The “Point prevalence survey of healthcare associated infections and antimicrobial use in European acute care hospitals” protocol adopts the following definition of Bone and Joint Infection (BJ):

 

BJ-BONE: osteomyelitis.

Osteomyelitis must meet at least one of the following criteria:

  • patient has organisms cultured from bone;
  • patient has evidence of osteomyelitis on direct examination of the bone during a surgical operation orhistopathologic examination;
  • patient has at least two of the following signs or symptoms with no other recognised cause: fever (> 38° C), localised swelling, tenderness, heat, or drainage at suspected site of bone infection;

and at least one of the following:

    • organisms cultured from blood;
    • positive blood antigen test (e.g. H. influenzae, S. pneumoniae);
    • radiographic evidence of infection, e.g. abnormal findings on x-ray, CT scan, MRI, radiolabel scan (gallium, technetium, etc.).

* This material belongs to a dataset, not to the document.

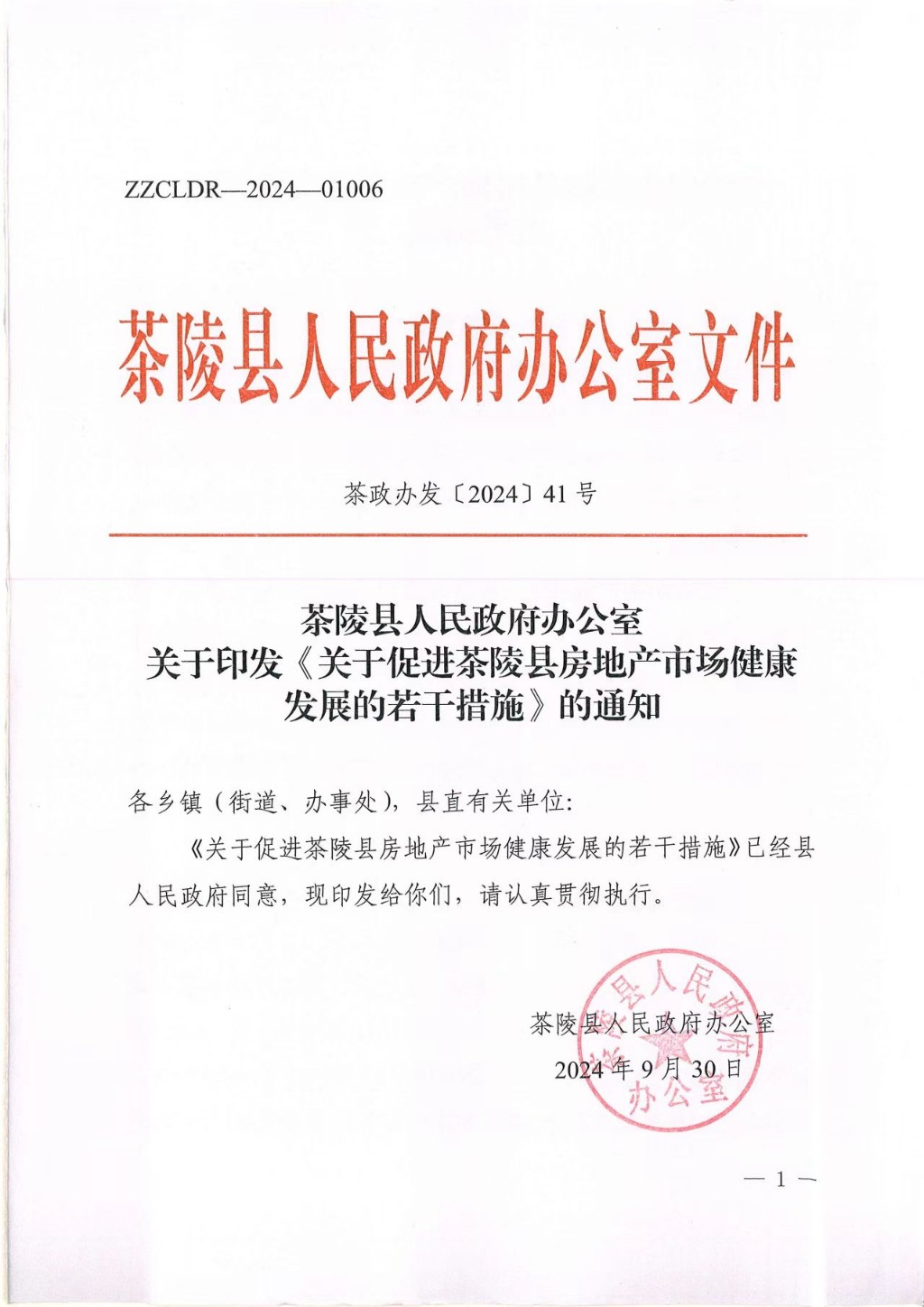 茶陵县人民政府办公室关于印发《关于促进茶陵县房地产市场健康发展的若干措施》的通知

A mediastinitis that follows cardiac surgery and that is accompanied by osteomyelitis must be reported as surgical site infection-organ/space (SSI-O).

 

BJ-JNT: joint or bursa.

Joint or bursa infections must meet at least one of the following criteria:

  • patient has organisms cultured from joint fluid or synovial biopsy;
  • patient has evidence of joint or bursa infection seen during a surgical operation or histopathologic examination;
  • patient has at least two of the following signs or symptoms with no other recognised cause: joint pain, swelling, tenderness, heat, evidence of effusion or limitation of motion;

and at least one of the following:

    • organisms and white blood cells seen on Gram’s stain of joint fluid;
    • positive antigen test on blood, urine, or joint fluid;
    • cellular profile and chemistries of joint fluid compatible with infection and not explained by an underlying rheumatologic disorder;
    • radiographic evidence of infection, e.g. abnormal findings on x-ray, CT scan, MRI, radiolabel scan (gallium, technetium, etc.).

 

BJ-DISC: disc space infection.

Vertebral disc space infection must meet at least one of the following criteria:

  • patient has organisms cultured from vertebral disc space tissue obtained during a surgical operation or needle aspiration;
  • patient has evidence of vertebral disc space infection seen during a surgical operation or histopathologic examination;
  • patient has fever (> 38 °C) with no other recognised cause or pain at the involved vertebral disc space and radiographic evidence of infection, e.g. abnormal findings on x-ray, CT scan, MRI, radiolabel scan (gallium, technetium, etc.);
  • patient has fever (> 38 °C) with no other recognised cause and pain at the involved vertebral disc space and positive antigen test on blood or urine (e.g. H. influenzae, S. pneumoniae, N. meningitidis, or Group B Streptococcus).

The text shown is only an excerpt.